- **Dataset records**
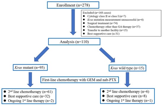 The primary endpoints were PFS and OS of patients with unresectable PDAC who underwent first-line GA chemotherapy. These endpoints were evaluated according to differences in the Kras mutation status in residual LBC specimens from EUS-FNA. The factors predictive of PFS and OS were also analyzed.
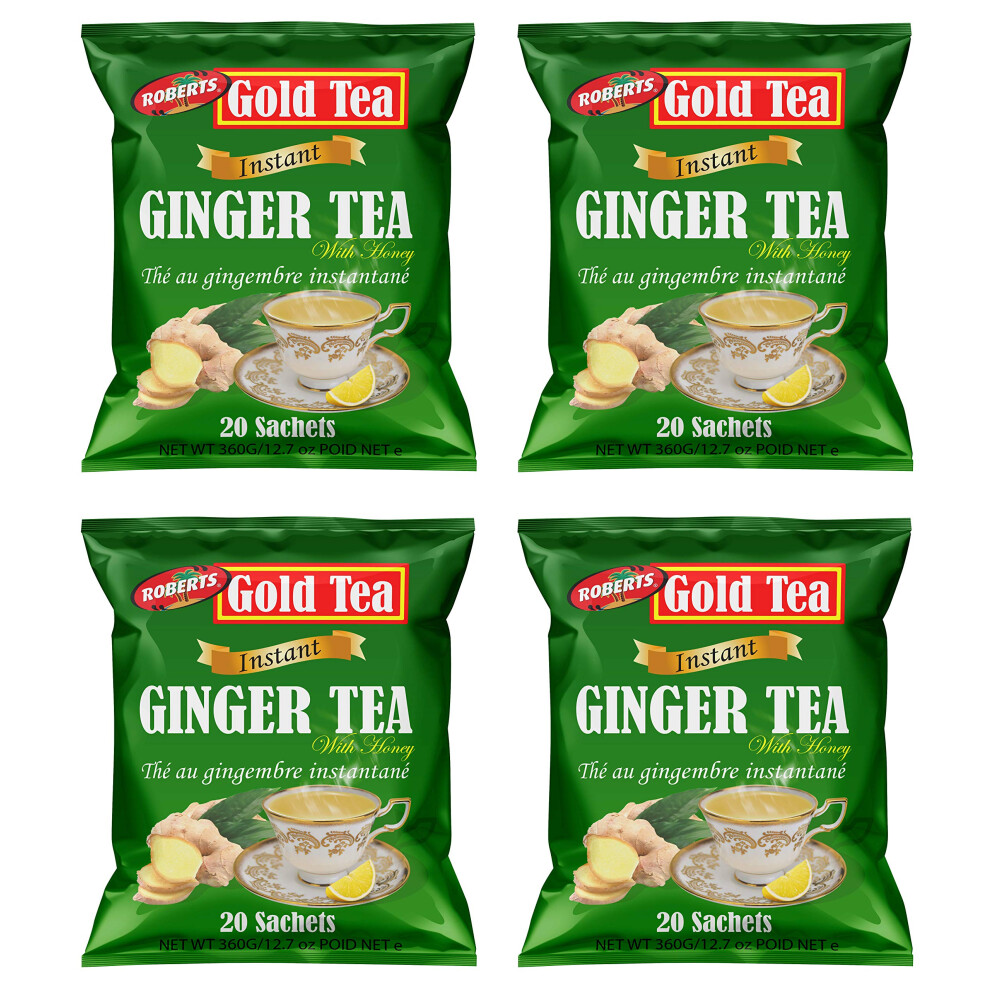 Pack of 4 Gold Tea Instant Ginger Tea with Honey 360g 20 Sachets
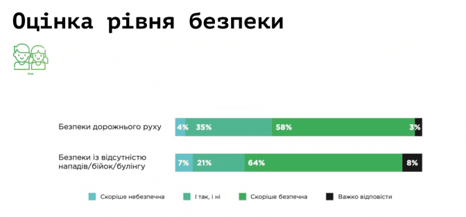 За її словами, дорога – це не лише про інфраструктуру, але й про соціальну поведінку, оскільки третина учнів зіштовхувалася з проблемами та конфліктами з водіями на дорогах. Частіше – це трапляється серед дітей 14-17 років. А кожна п’ята дитина відчуває певний страх, що на неї можуть здійснити наїзд.
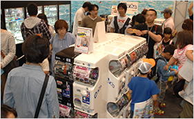 ▲ずらりとマシンが並んだガチャコーナーではレアアイテムも大放出!狙ったアイテムが出たときの皆さんの笑顔はいつ見ても最高です。
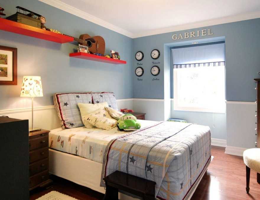 В детскую желательно устанавливать напольные виды полочек (глубиной не более 20 см), которые создают хороший обзор предметов. С узких полок ребенку будет удобней доставать вещи. Предпочтительней монтировать угловые полки из дерева – экологичные и безопасные.
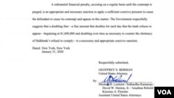 Başsavcı Geoffrey Berman imzasıyla mahkemeye yapılan başvuruda, Halkbank’ın katılımı reddetmesi halinde önerilen bir milyon dolarlık cezanın katlamalı olarak uygulanması talep ediliyor.
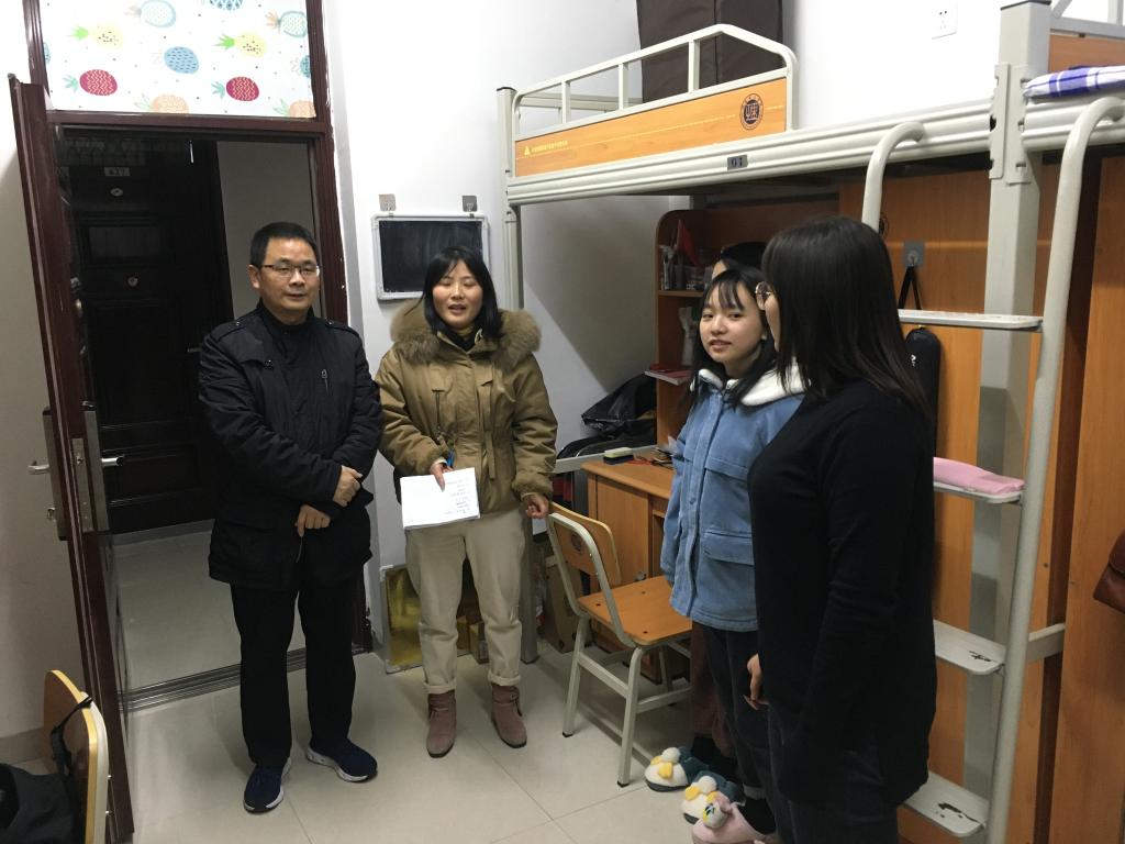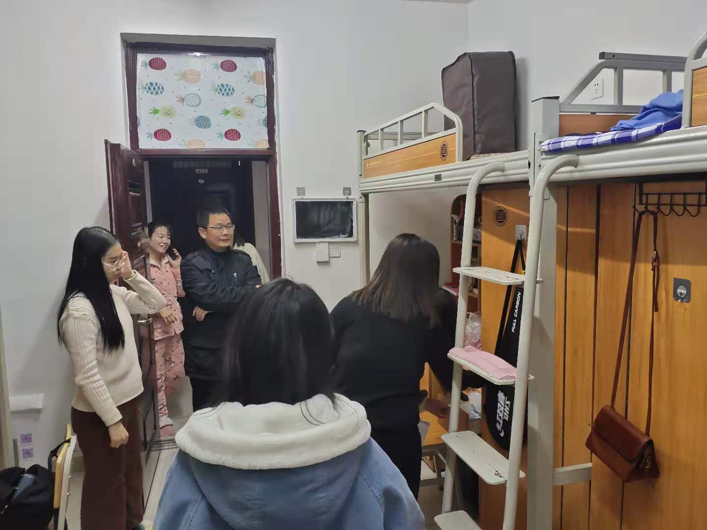 晚上6时,刘淳松、王炜走进公司每一间研究生寝室,与员工交流,了解员工生活学习情况;对寝室消防安全进行全面检查,并针对同学们日常生活中遇到的问题给予建议。刘淳松强调,寝室绝对杜绝使用违规电器,同学们要排查各类安全隐患,保证用电安全。王炜希望同学们养成良好的生活习惯,提高寝室安全意识、卫生意识,共同创造文明、和谐的寝室环境。
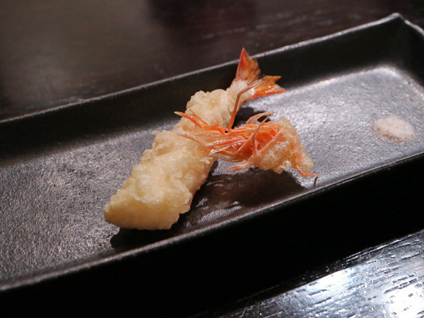 ●車海老は順当な姿で。うに塩と。海老はサクサクほくほくの、ジャストな揚げ加減。
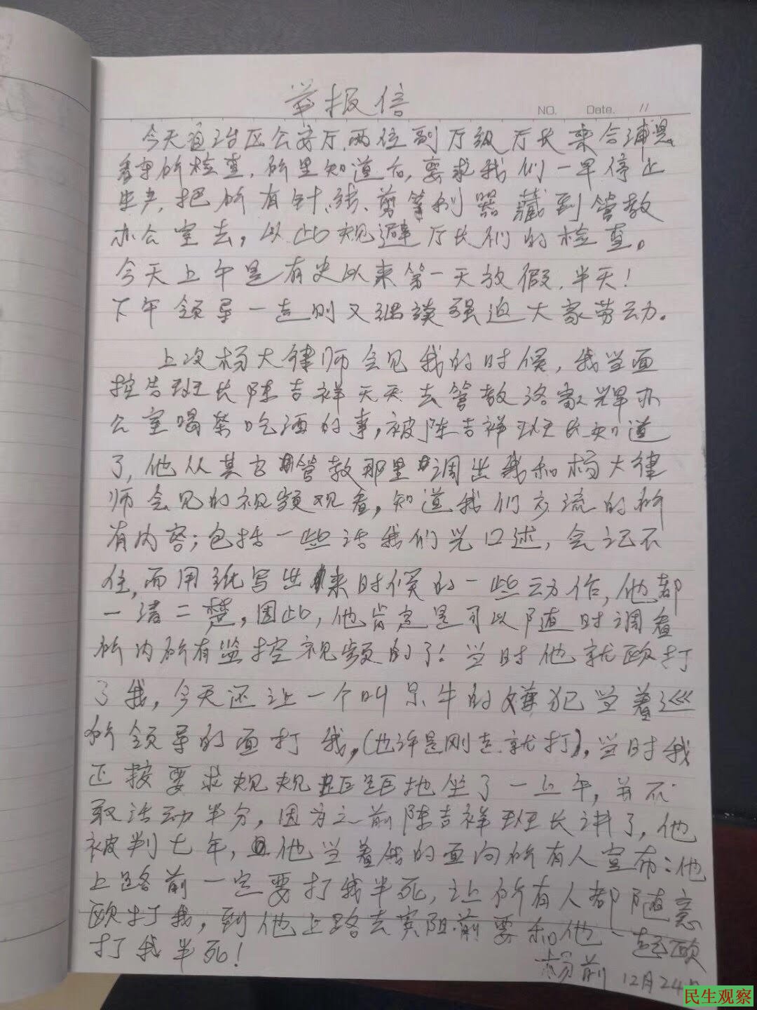 【民生观察2019年1月7日消息】广西合浦县维权人士杨前被控“寻衅滋事罪”遭秘密审判获刑两年,案件后被发回重审。近日,其通过辩护律师再次传出消息,羁押在合浦县看守所的杨前持续受到虐待和殴打,杨前递交多封举报信亦无果。

- **How to complete this task**
Write out exactly the lines from the line that contains "В детскую желательно" to the last line of the material above, both included; pictures do not belong in the copy.

- **Result of this exercise**
 В детскую желательно устанавливать напольные виды полочек (глубиной не более 20 см), которые создают хороший обзор предметов. С узких полок ребенку будет удобней доставать вещи. Предпочтительней монтировать угловые полки из дерева – экологичные и безопасные.
 Başsavcı Geoffrey Berman imzasıyla mahkemeye yapılan başvuruda, Halkbank’ın katılımı reddetmesi halinde önerilen bir milyon dolarlık cezanın katlamalı olarak uygulanması talep ediliyor.
 晚上6时,刘淳松、王炜走进公司每一间研究生寝室,与员工交流,了解员工生活学习情况;对寝室消防安全进行全面检查,并针对同学们日常生活中遇到的问题给予建议。刘淳松强调,寝室绝对杜绝使用违规电器,同学们要排查各类安全隐患,保证用电安全。王炜希望同学们养成良好的生活习惯,提高寝室安全意识、卫生意识,共同创造文明、和谐的寝室环境。
 ●車海老は順当な姿で。うに塩と。海老はサクサクほくほくの、ジャストな揚げ加減。
 【民生观察2019年1月7日消息】广西合浦县维权人士杨前被控“寻衅滋事罪”遭秘密审判获刑两年,案件后被发回重审。近日,其通过辩护律师再次传出消息,羁押在合浦县看守所的杨前持续受到虐待和殴打,杨前递交多封举报信亦无果。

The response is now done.